For comparison, look at Dungeon Crawl. When you find a powerful artifact of a weapon type you don't use, you can choose to switch to that type of weapon without gimping your character. This makes odd equipment actually interesting -- it presents the player with meaningful choices. One of the things I dislike about ToME is that it encourages you to decide your build right at chargen or, at least, by the time you've spent more than a few talent points, and makes it impossible to change after that.
Generally, whenever possible, avoid punishing the player severely for changing equipment types -- there should be some degree of commitment, but the ideal should always be to leave as many things as possible as at least somewhat viable options (without turning your spent talent / stat points into a waste.) The player still only gets to wear one set of equipment at once! Allowing them to switch from heavy armor to leather won't break the game. They're already wasting strength and armor training's access benefit to an extent -- why on earth does the benefit from armor training punish them again by taking away their other benefits?
Suggestions that would help:
Armor training should provide its other benefits regardless of what kind of armor you're wearing -- even in robes. If you buy Armor Training 4 (or 10!) and then wear a robe, you're already wasting the ability to access better armor; why punish them again? They should be encouraged to make an interesting choice between "use this cool robe I found" or "get more AC by equipping heavy armor." Right now, the talent tries to take that choice away -- why?
Similarly, all weapon talents should be merged into a single melee weapon skill. What's the point of forcing players to utterly, irrevocably commit themselves to one weapon type? They already commit to daggers or swords based on whether they put points in strength or balance strength/dex (or strength/cunning for those with lethality) -- why turn this situational choice into a crushing disadvantage that utterly commits you to one type of weapon?
The talents should similarly be gone over and broadened to apply to as many weapons as possible. Perhaps some talents should also operate with the 'wrong' weapon type at reduced efficiency (eg. two-hander / duel-wield talents can be used with a one-handed / single weapon respectively at reduced damage or accuracy, so using the wrong weapon is a disadvantage that you consider when choosing your equipment rather than an absolute rigid requirement.) The idea is that there should be trade-offs for changing weapons in midstream, rather than crippling disadvantages that absolutely make it impossible.

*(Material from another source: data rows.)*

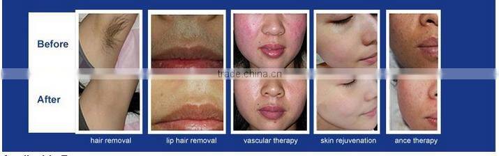 OPT(Optimal Pulsed technology) IPL technology treatment theory is that : intense pulsed light produces light and heat effect and photochemical effects on the skin, the deep collagen and elastic fiber skin rearranges and restores the skin elasticity, while enhances the vascular tissue functions, eliminatesfacial skin wrinkles and reduces pore shrink; additionaly, intense pulsed light can also penetrates the skin, is preferentially absorbed by the pigment group and vascular tissue selectivity;without destroying the normal skin,blood coagulation, pigment group and pigment cells are destroyed, decomposition, soas to achieve therapeutic effect of telangiectasia and pigmentation.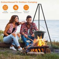 10L Goulash Kettle With Tripod, Tripod Frame With Chain Height Adjustment, Telescopic Tripod With Ground Spikes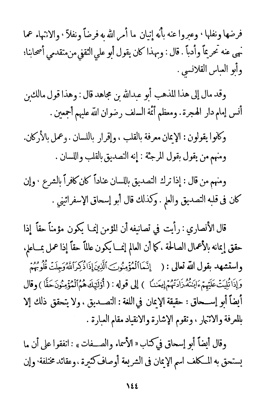 فَرْضِهَا وَنَفْلِهَا وَعَبَّرُوا عَنْهُ بِأَنَّهُ إتْيَانُ مَا أَمَرَ اللَّهُ بِهِ فَرْضًا وَنَفْلًا وَالِانْتِهَاءُ عَمَّا نَهَى عَنْهُ تَحْرِيمًا وَأَدَبًا. قَالَ: وَبِهَذَا كَانَ يَقُولُ أَبُو عَلِيٍّ الثَّقَفِيُّ مِنْ مُتَقَدِّمِي أَصْحَابِنَا؛ وَأَبُو الْعَبَّاسِ القلانسي. وَقَدْ مَالَ إلَى هَذَا الْمَذْهَبِ أَبُو عَبْدِ اللَّهِ بْنُ مُجَاهِدٍ قَالَ: وَهَذَا قَوْلُ مَالِكِ بْنِ أَنَسٍ إمَامِ دَارِ الْهِجْرَةِ، وَمُعْظَمِ أَئِمَّةِ السَّلَفِ رِضْوَانُ اللَّهِ عَلَيْهِمْ أَجْمَعِينَ. وَكَانُوا يَقُولُونَ: الْإِيمَانُ مَعْرِفَةٌ بِالْقَلْبِ وَإِقْرَارٌ بِاللِّسَانِ وَعَمَلٌ بِالْأَرْكَانِ. وَمِنْهُمْ مَنْ يَقُولُ بِقَوْلِ الْمُرْجِئَةِ: إنَّهُ التَّصْدِيقُ بِالْقَلْبِ وَاللِّسَانِ. وَمِنْهُمْ مَنْ قَالَ: إذَا تَرَكَ التَّصْدِيقَ بِاللِّسَانِ عِنَادًا كَانَ كَافِرًا بِالشَّرْعِ وَإِنْ كَانَ فِي قَلْبِهِ التَّصْدِيقُ وَالْعِلْمُ. وَكَذَلِكَ قَالَ أَبُو إسْحَاقَ الإسفراييني. قَالَ الْأَنْصَارِيُّ: رَأَيْت فِي تَصَانِيفِهِ أَنَّ الْمُؤْمِنَ إنَّمَا يَكُونُ مُؤْمِنًا حَقًّا إذَا حَقَّقَ إيمَانَهُ بِالْأَعْمَالِ الصَّالِحَةِ كَمَا أَنَّ الْعَالِمَ إنَّمَا يَكُونُ عَالِمًا حَقًّا إذَا عَمِلَ بِمَا عَلِمَ وَاسْتَشْهَدَ بِقَوْلِ اللَّهِ تَعَالَى: {إنَّمَا الْمُؤْمِنُونَ الَّذِينَ إذَا ذُكِرَ اللَّهُ وَجِلَتْ قُلُوبُهُمْ وَإِذَا تُلِيَتْ عَلَيْهِمْ آيَاتُهُ زَادَتْهُمْ إيمَانًا} إلَى قَوْلِهِ: {أُولَئِكَ هُمُ الْمُؤْمِنُونَ حَقًّا} وَقَالَ أَيْضًا أَبُو إسْحَاقَ: حَقِيقَةُ الْإِيمَانِ فِي اللُّغَةِ: التَّصْدِيقُ وَلَا يَتَحَقَّقُ ذَلِكَ إلَّا بِالْمَعْرِفَةِ والائتمار، وَتَقُومُ الْإِشَارَةُ وَالِانْقِيَادُ مَقَامَ الْعِبَارَةِ. وَقَالَ أَيْضًا أَبُو إسْحَاقَ فِي كِتَابِ " الْأَسْمَاءِ وَالصِّفَاتِ ": اتَّفَقُوا عَلَى أَنَّ مَا يَسْتَحِقُّ بِهِ الْمُكَلَّفُ اسْمَ الْإِيمَانِ فِي الشَّرِيعَةِ أَوْصَافٌ كَثِيرَةٌ وَعَقَائِدُ مُخْتَلِفَةٌ وَإِنْ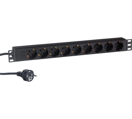 Недорогой черный PDU со светящимся выключателем и защитной крышкой. Сзади разъем С14 в который удобно вставлять шнур питания, в отличие от многих Hyperline'овских PDU, в которых шнур торчит вбок и упирается в крепежный профиль.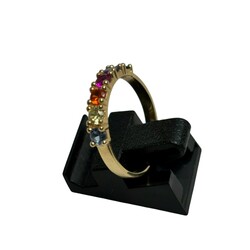 | Kavel | 586. Gouden Happiness rijring met gekleurde stenen |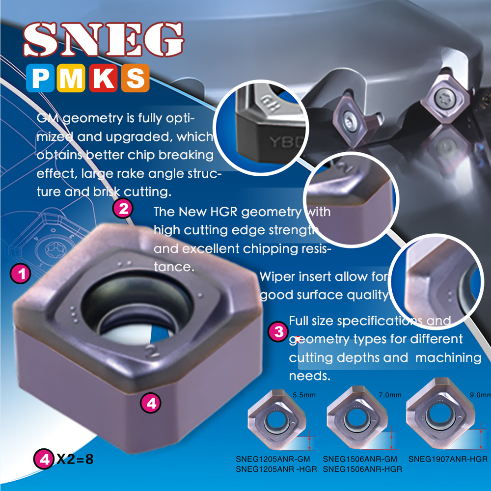 GM geometry is fully optimized andupgraded, which obtains better chip breaking effect, large rake angle structureand brisk cutting.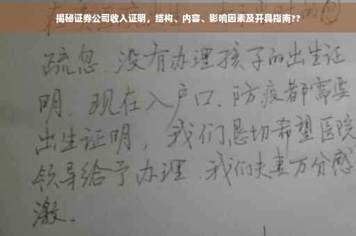 随着金融行业的迅猛崛起,证券公司的收入证明逐渐受到越来越多人的关注,究竟何为证券公司的收入证明?它包含哪些内容?本文将为您深入解析,并探讨其背后的多种影响因素。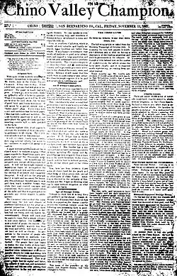 - ^ Chino Valley Champion, October 29, 1897, page 7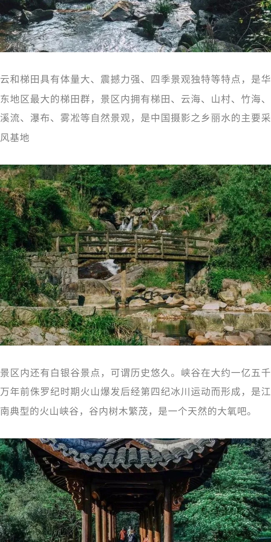 餐后我们前往云和梯田,先游览九曲云环景点,这里是云和梯田最佳观景台,在这里可以沿着婉转的步道,进入梯田,拍照取景,参观美丽的云和梯田。随后我们回到小型停车场,往上走有一座亭台楼阁,上面有表演、有戏曲,歌颂着云和梯田的今年的大丰收。欣赏完后我们前往景区农家住宿。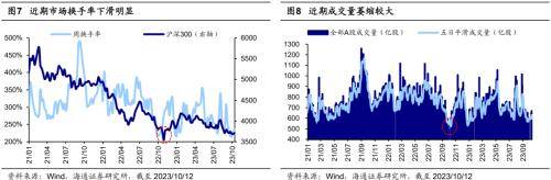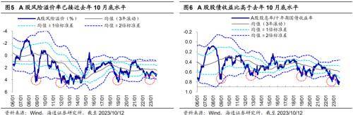 从交易及资产比价等指标来看,市场情绪和风险偏好同样较低。近期市场出现低波动的背后是投资者情绪和风险偏好的走弱,例如从交易指标看,近一段时间交易热度明显下滑,部分指标显示当前市场情绪已接近去年10月底水平。从周换手率看,周换手率于5月初开始回落,当前(截至2023/10/12,下同)周换手率(年化)为235%,低于22/10市场底部时的276%。从成交情况看,全部A股五日平滑成交量已从5月初的高点回落,当前全A五日平滑成交量为630亿股,低于去年10月底时市场成交量695亿股。从整体估值看,尽管当前多数指数估值水平与同为底部区域的去年10月底相比仍有一定差距,但也都回到历史低位。截至2023/10/12,全部A股PE(TTM,下同)为17.4倍、处05年以来33%分位(22/10/31为15.8倍、23%),上证综指为13.1倍、32%(11.4倍、13%),沪深300为11.6倍、22%(10.3倍、11%)。从大类资产比价指标看,股市情绪已明显较弱。截至2023/10/12(下同),当前A股风险溢价率(1/全部A股PE-10年期国债收益率)为3.11%、处05年以来从高到低24%分位,已经高于05年以来均值+1倍标准差(3年滚动);当前A股股债收益比(全部A股股息率/10年期国债收益率)为0.80、处05年以来从高到低1%,达05年以来均值+2倍标准差(3年滚动)附近,接近去年10月底水平,可见当前市场的风险偏好已处在低位。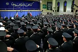 Los comandantes, oficiales y funcionarios de la Fuerza de seguridad se reunieron el Ayatolá Alí Hoseiní Jamenei, comandante y jefe de las fuerzas armadas, el 8 de mayo de 2016. Intensamente preocupado por cuestiones de seguridad interna en el entorno posterior a 1953, Mohamed Reza Pahlavi autorizó el desarrollo de uno de los sistemas más extensos de agencias de aplicación de la ley en el mundo en desarrollo. La Gendarmería Imperial iraní (ژاندارمری شاهنشاهی ایران) y la Policía Nacional (Shahrbani شهربانی o Nazmiyeh نظمیه) ganaron en número y responsabilidades. La organización de la policía secreta, SAVAK, ganó notoriedad especial por su excesivo celo en "mantener" la seguridad interna. Pero como en las fuerzas armadas regulares, el estilo de gestión del sha virtualmente eliminó toda coordinación entre estas agencias porque tendía a mezclar al personal del ejército entre sus deberes ordinarios y posiciones temporales en las agencias de seguridad interna, con el fin de minimizar la posibilidad de golpes organizados contra el trono. A esta lista de deficiencias institucionales se sumó la imagen pública importantísima de las agencias, envuelta en el misterio y el miedo.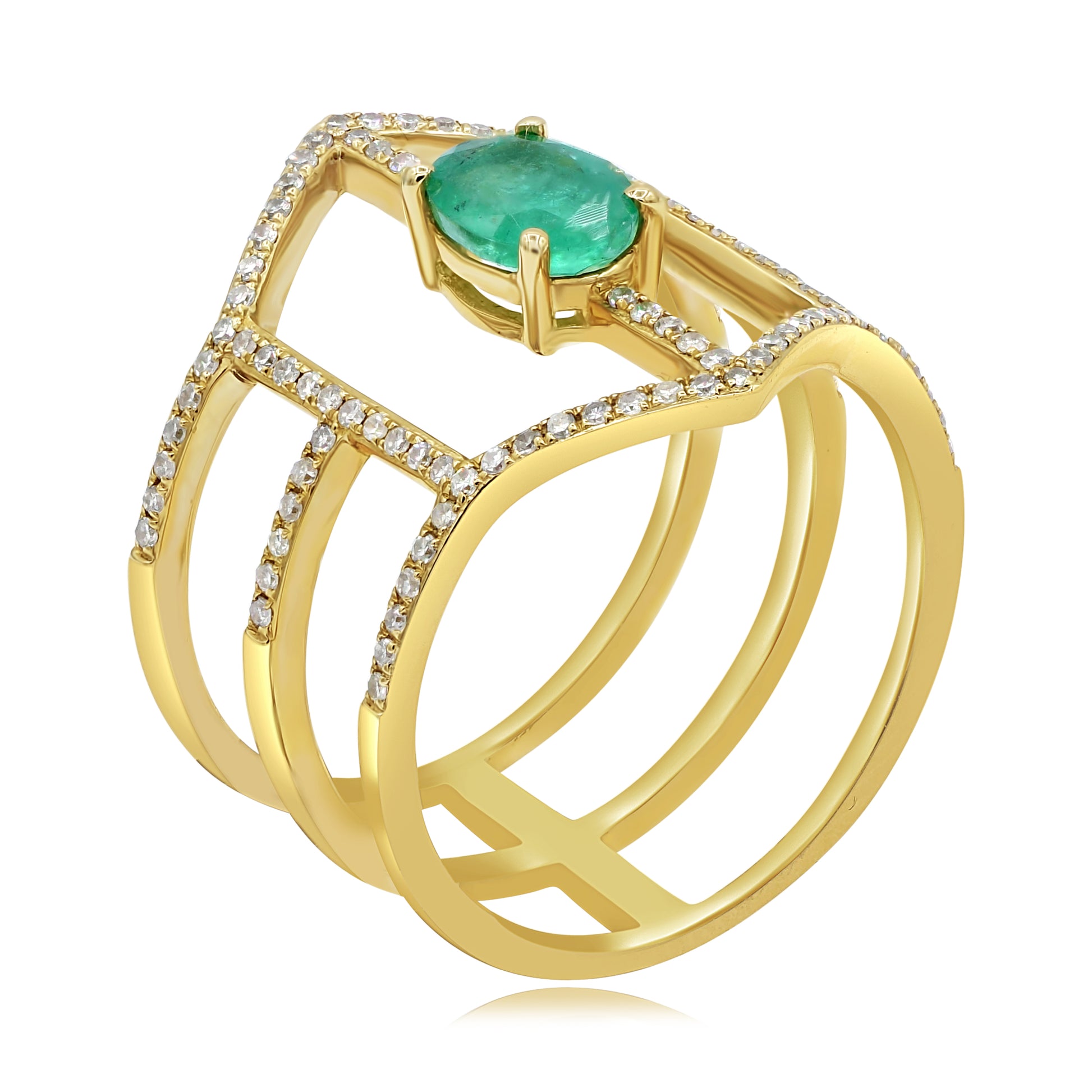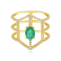 0.69 ct. Emerald & 0.34 ct. Diamond 14K Yellow Gold 3 Row Wide Ring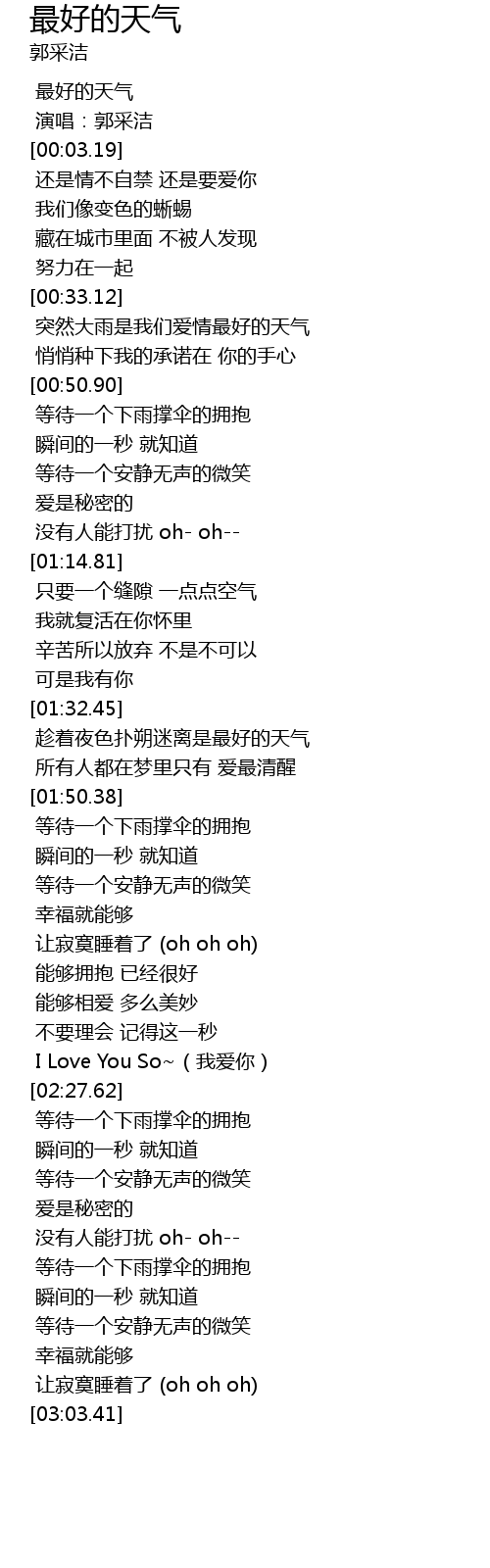 | [00:01.55] | 最好的天气 |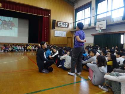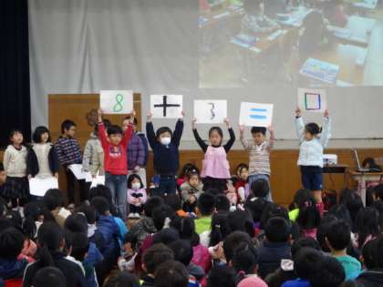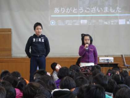 1年生は今年一年間でできるようになったことを発表しました。たくさんのことができるようになっていて,全校のみんなからも「1年生が一年間よく頑張ったことがわかりました。」という声が上がりました。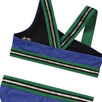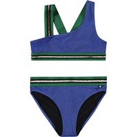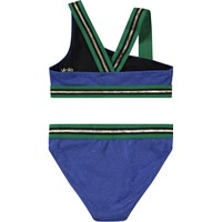Asymmetrisk sporty bikini til aktive børn med UV-beskyttelse 50+. Bikinien har en bred overdel og brede elastikstropper, som krydser på ryggen, samt en elastik i bunden, der hjælper med at holde toppen på plads. Underdelen har en bred elastik i taljen, en almindelig pasform og er helforet. Bikinien er blå med indvævet glimmersnor og har grønne og guldglimmer stropper. Produktet er CE-mærket og testet i henhold til standard: EN-13758-1.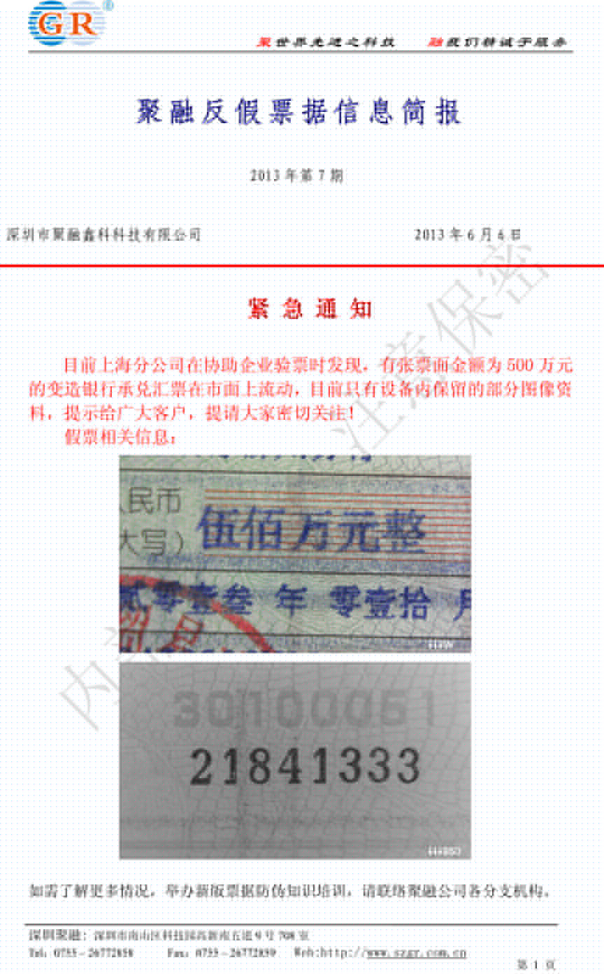 您當前所在位置: 首頁 聚融e訊 案例簡報 反假簡報 上海發現一張變造承兌匯票
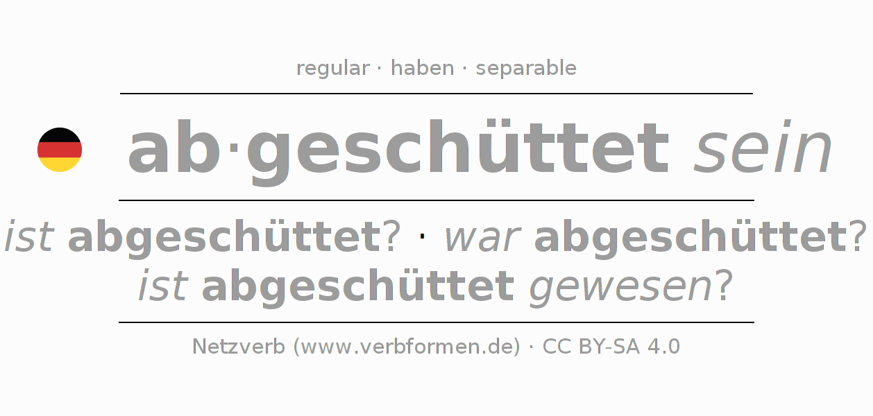 The conjugation of abschütten in Participle Present Perfect part of speech Statal Passive is abgeschüttet seiend, abgeschüttet gewesen.The conjugation corresponds to certain grammatical rules. Likewise the requirements for the conjugation of the simple verb forms of abschütten in Participle. Comments ☆

Some weapons should get multiple stat options and stat-damage-bonus calculations, and automatically use the best. This would make them valid for more character types. Eg: Allow staves to be wielded the way they are now, using pure magic prerequisites and damage; or using a mixture of magic and strength prerequisites, with 120% strength to damage. (They should require some magic, because activated staves are useful and should require investment for non-magically-oriented character to use. But it should be low enough to be viable, and someone who finds a really good staff should feel at least somewhat tempted to try it as a weapon -- it'd require some stat commitment, but that's more interesting than 'eh, junk.')
It would, along the same lines, be a good idea to make more attributes from equipment useful to more players. Bonuses to spell power, mind power, and physical power should count for Magic/Will/Strength-based inscriptions, say, if it doesn't already.
Make a pair of reliable unlockable trees that let any class who wants to use mana or stamina as a supplemental combat resource (because there are so many pieces of equipment that modify those.)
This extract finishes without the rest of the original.